I'm looking forward to your suggestion, since I haven't installed this charger yet, I can still return it and upgrade.

Eric


----------



## ewdysar (Jun 15, 2010)

BMI/LiFeTech said:


> There is plenty of information and a whole thread devoted to Elcon chargers over at the AEVA forum.
> http://www.aeva.asn.au/forums/forum_posts.asp?TID=1949


While I'm not a member of that forum, it looks like almost all of the info came from EV Components. I read about a number of owners in the US that have reported that the "custom" Lithium programming done for EV Components is problematic. Many of those units are going to Elcon in California for re-programming from scratch. Of course, customer support from EV Components is now non-existent.

Eric


----------



## JRP3 (Mar 7, 2008)

A Manzanita PFC30 should be able to do almost 30 amps at 57 volts from 120VAC.


----------



## ewdysar (Jun 15, 2010)

JRP3 said:


> A Manzanita PFC30 should be able to do almost 30 amps at 57 volts from 120VAC.


Thanks for the info. But with the Manzanita at $2650 and the Elcon at $665, I'll give the Elcon a try. Since this is going into a sailboat, I won't ever have access to higher input voltages/amps, so that additional capability in the Manzanita would be wasted.

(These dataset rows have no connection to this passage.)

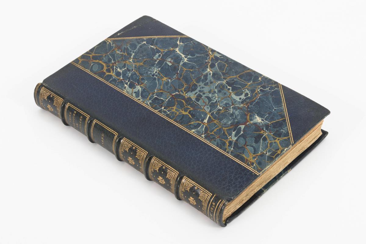 173 Textseiten und 120 Tafeln mit Stichen. Blauer Halbledereinband mit Goldschnitt.
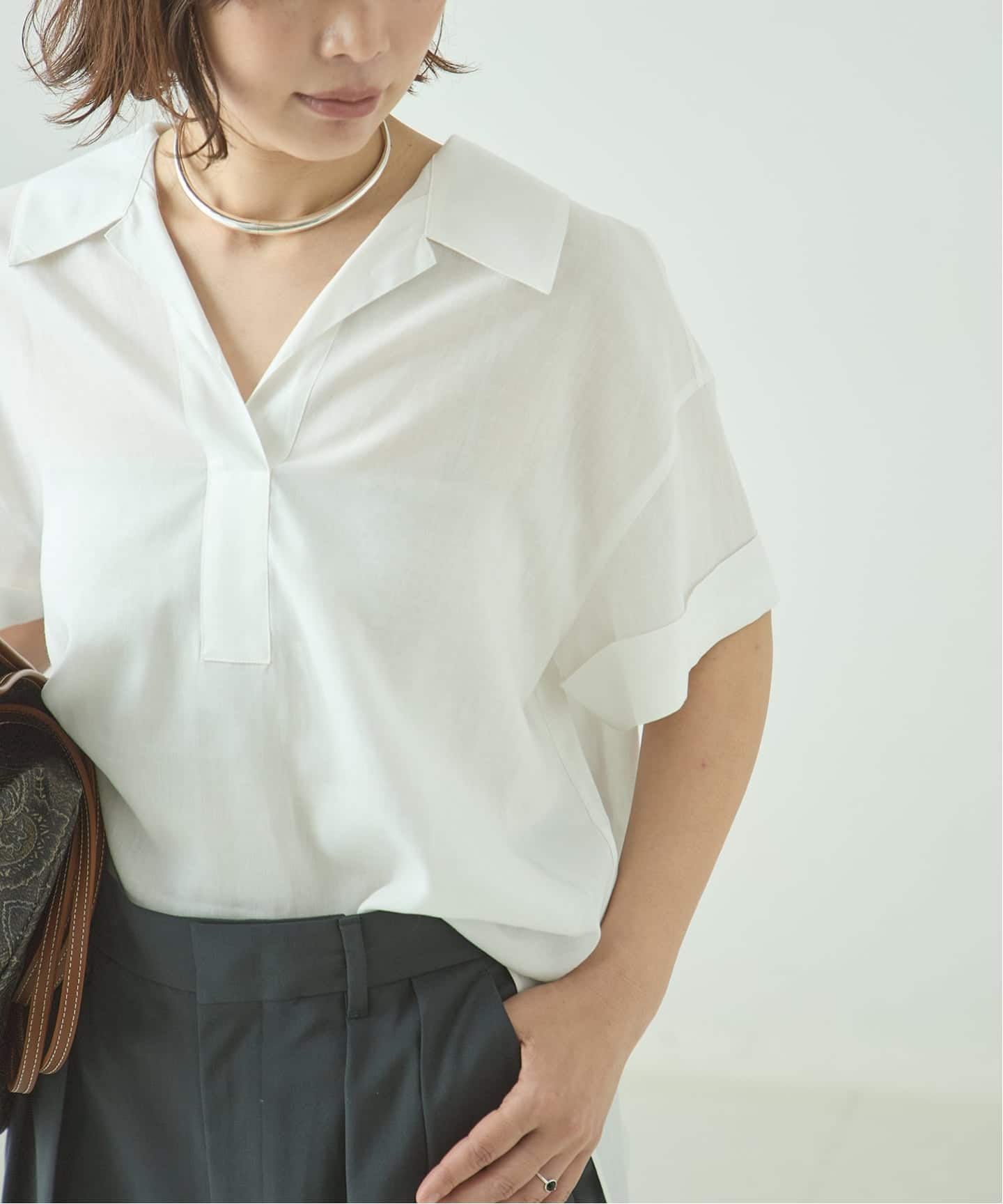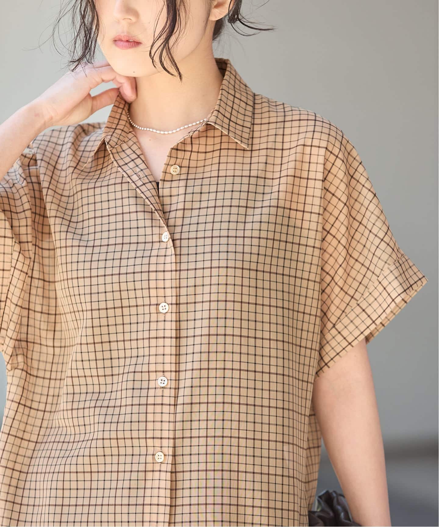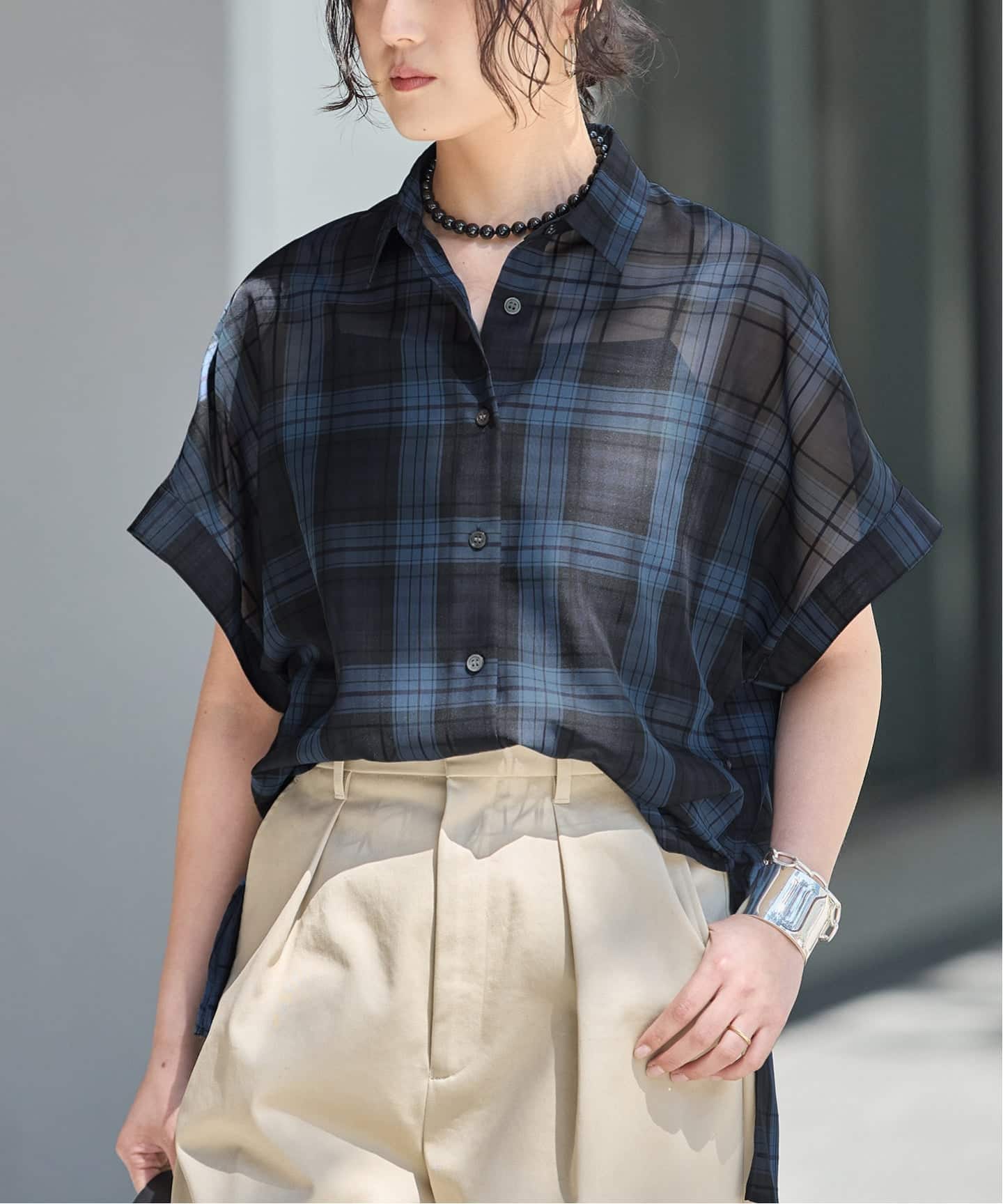《予約》シアーチェック/無地ツイストシャツ
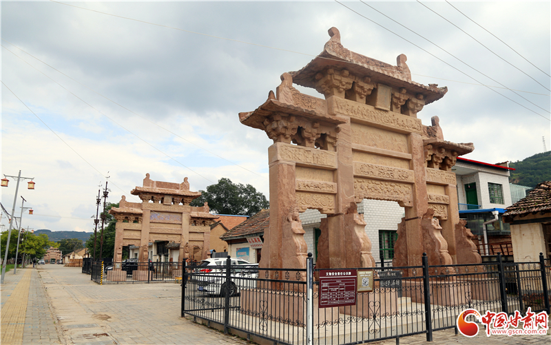 據(jù)介紹,三座牌坊都采用紅砂巖石料鑿磨鑲砌而成,均為四柱三間三層,斗拱歇山頂式,坊面上雕刻有屋舍、山水、人物、飛禽、走獸、花卉、樹木等,其造型優(yōu)美,結(jié)構(gòu)嚴(yán)整,刀法細(xì)膩,形象逼真。
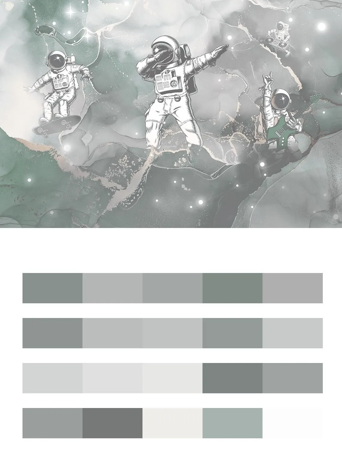 Бесшовные обои на стену: в детскую Космонавты. Артикул: 12-1631
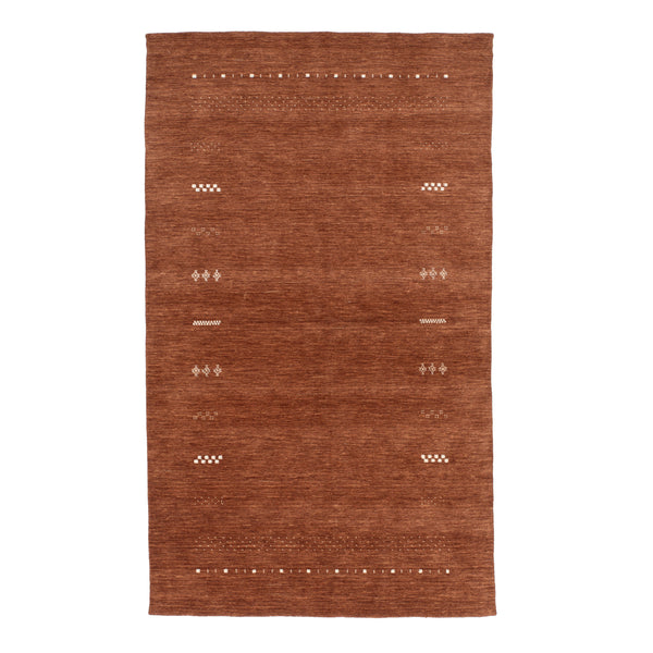 This Indo Gabbeh rug, measuring 5'2" by 8'5", features a hand-knotted construction from India. It presents a rich, earthy brown color, providing a warm foundation for various interior styles. Crafted entirely from wool, this rug combines natural material quality with a durable build. The design falls into the "Solids + Textures" category. While the primary field is a uniform brown, the rug incorporates subtle textural patterns. These details are formed by small, geometric motifs in lighter tones, including fine lines,...
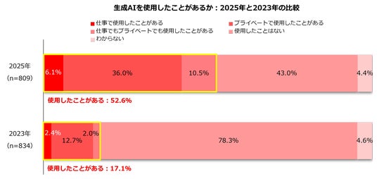 2.生成AIを使用したことがあるか:2025年と2023年の比較
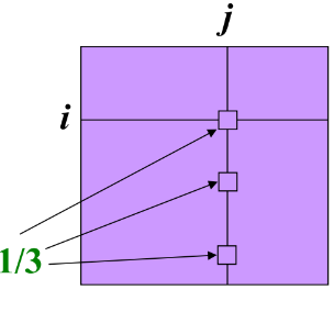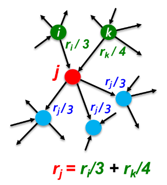 \[ r_j = \frac{r_i}{d_i} + \frac{r_k}{d_k} = \sum_{i \rightarrow j} \frac{r_i}{d_i} \]
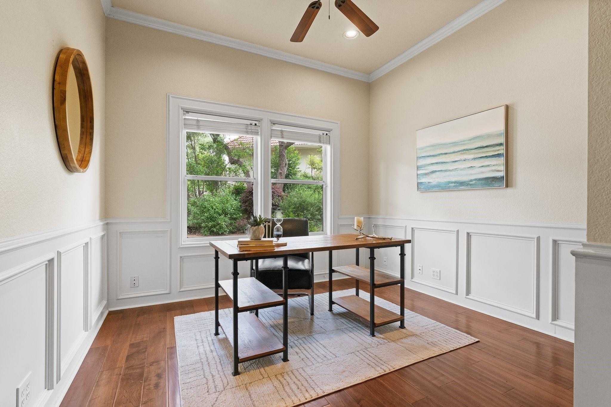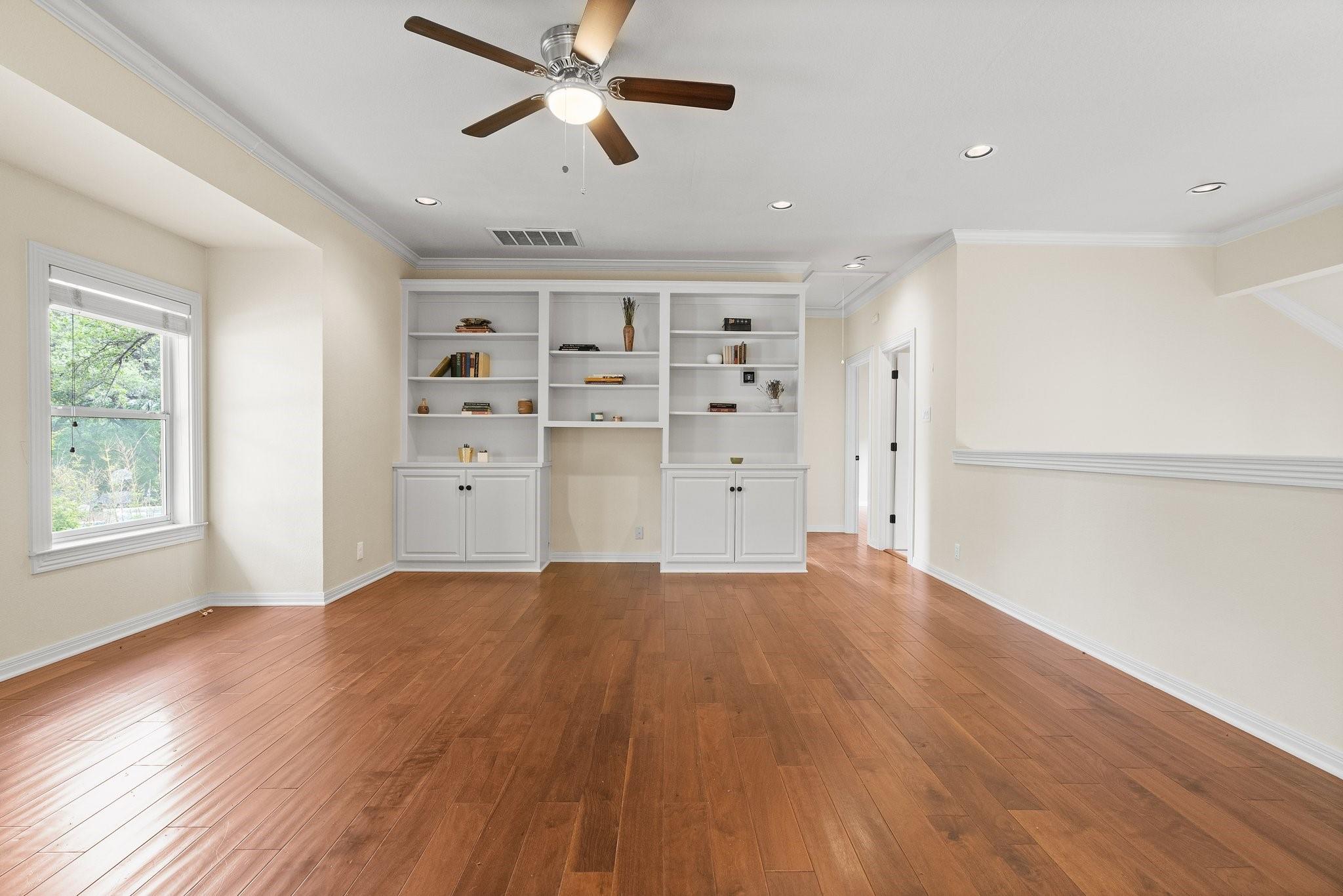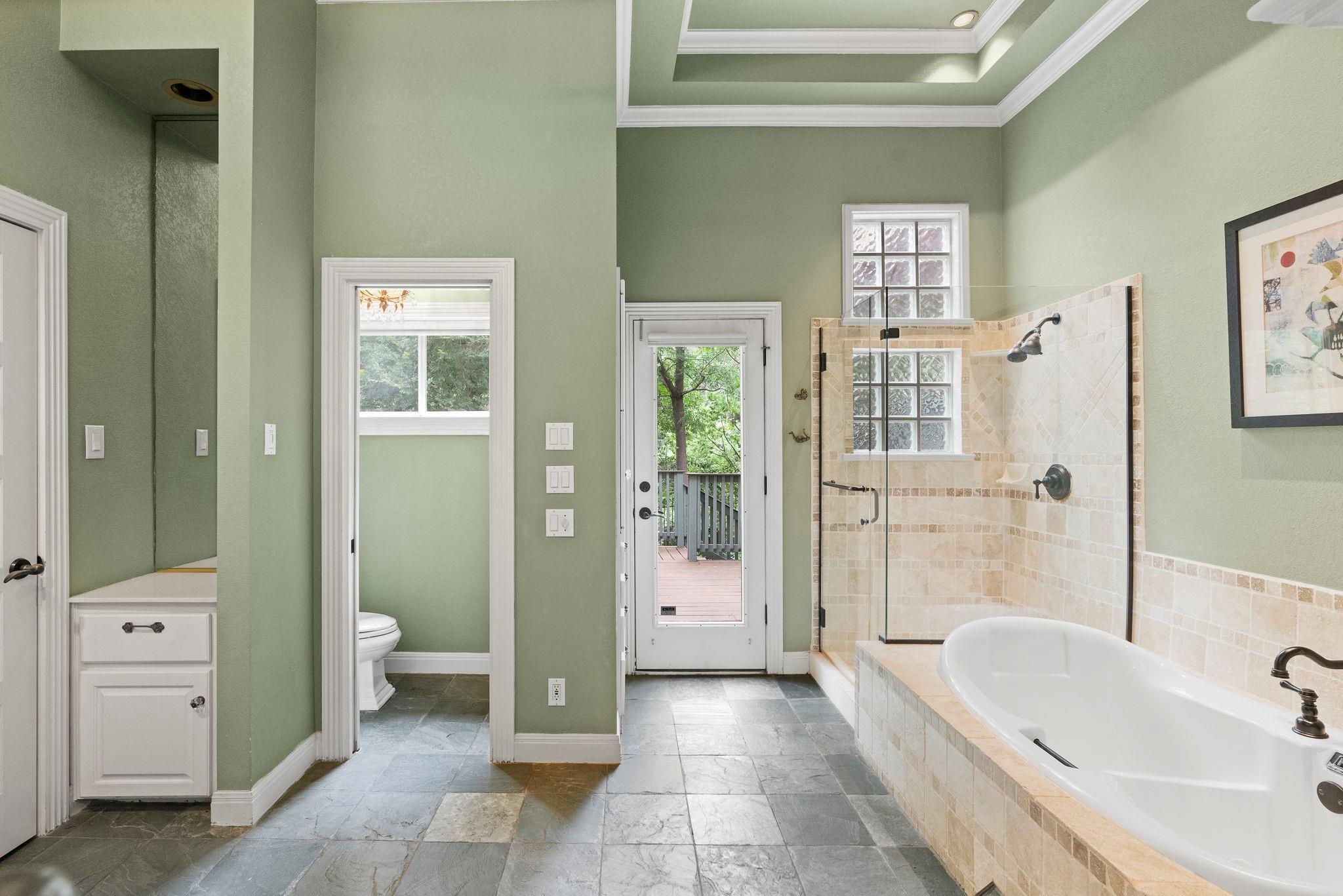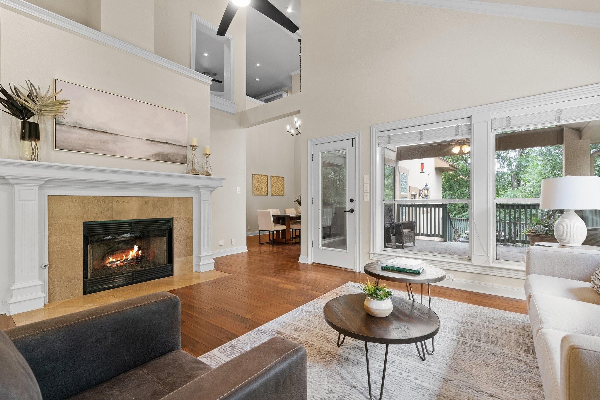 Exquisite luxury residence nestled along Lake Austin’s picturesque Bull Creek Tributary in the highly sought-after Courtyard community of NW Austin. Positioned along a tranquil section of the lake, the home features spectacular views of the private lakefront park and majestic Cat Mountain cliffs. A rare gem, it boasts exclusive access to Lake Austin through its DEEDED BOAT SLIP. Captivating curb appeal incorporates elegant stucco with arched windows, professionally landscaped grounds with majestic live oaks, and a 3-car garage. The expansive interior encompasses 3 beds, 2.5 baths, a home office, a formal parlor, multiple living and dining areas, and a gourmet kitchen. Every corner exudes charm, boasting tall ceilings, tasteful fixtures, crown molding, recessed lighting, and stunning hardwood floors. The chef-inspired gourmet kitchen is replete with timeless cabinetry, high-end ubatuba granite countertops, a SubZero refrigerator, and a Thermador SS gas range. Flowing seamlessly from the kitchen, the welcoming family room invites relaxation beneath its soaring vaulted ceilings, with an elegant wood-burning fireplace serving as its centerpiece. The breathtaking outdoor areas include a covered back porch, al fresco dining deck, and an expansive brick patio with hill country and creek views. A luxurious gas fireplace seamlessly rests between the oversized owner’s suite and spa-like ensuite bath featuring a soaking tub, walk-in shower, dual vanity, and private entry to the back deck. The second-floor welcomes you to a versatile game room with a built-in desk and bookcases, two secondary bedrooms, and a guest bathroom. For a low monthly HOA fee, residents of the Courtyard enjoy a park on Lake Austin, dock, playground, picnic facilities, nature trails, and kayak storage. Come enjoy the unparalleled luxury lifestyle at this remarkable residence where natural beauty, refined elegance, and serene surroundings seamlessly merge to create a truly enchanting living experience.
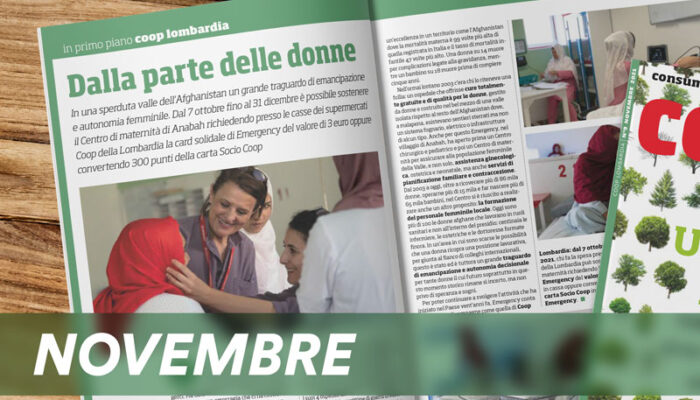 Tra le pagine dedicate alle azioni di Coop Lombardia, è possibile leggere il racconto di quanto avviene in una lontana e isolata valle dell’Afghanistan, dove al fianco di Emergency la nostra Cooperativa sta cercando di contribuire a mantenere un grande traguardo di emancipazione e autonomia femminile. Fino al 31 dicembre puoi sostenere il Centro di maternità di Anabah richiedendo presso le casse di tutti i supermercati e ipermercati la card solidale di EMERGENCY del valore di 3 euro, oppure convertendo 300 punti della tua carta Socio Coop.
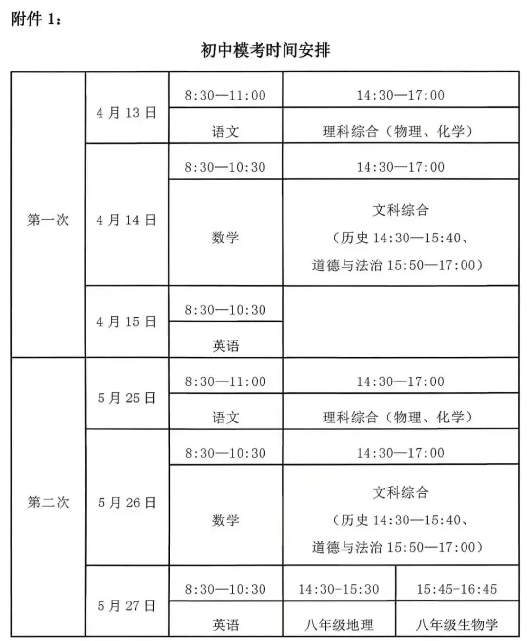 >太原中考一模、二模考试时间公布!
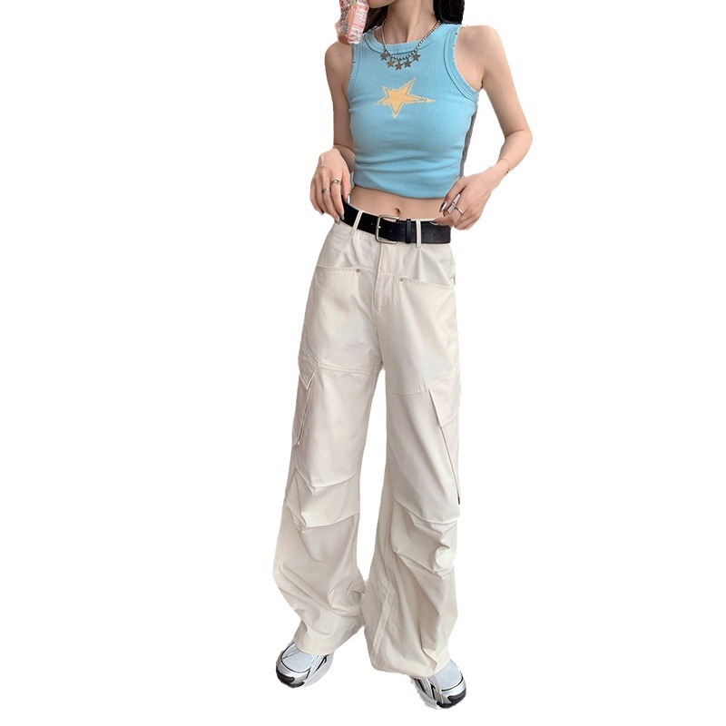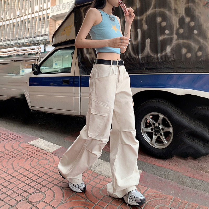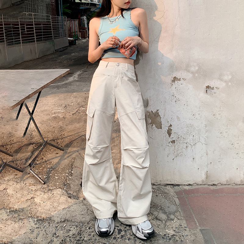 American straight overalls for women 2024 spring and summer new design sense niche high waist loose wide leg casual trousers

Does anyone here have experience with both charger brands? Is a Manazanita noticeably more efficient (higher amp output) with the same input voltage/amps? The Elcon PFC chargers are rated at > 92% efficient 

Thanks again.
Eric


----------



## DIYguy (Sep 18, 2008)

ewdysar said:


> Thanks for the info. But with the Manzanita at $2650 and the Elcon at $665, I'll give the Elcon a try. Since this is going into a sailboat, I won't ever have access to higher input voltages/amps, so that additional capability in the Manzanita would be wasted.
> 
> Does anyone here have experience with both charger brands? Is a Manazanita noticeably more efficient (higher amp output) with the same input voltage/amps? The Elcon PFC chargers are rated at > 92% efficient
> 
> ...


The Elcon is a high freq. switch mode charger... you won't find anything significantly higher (if at all) in efficiency.


----------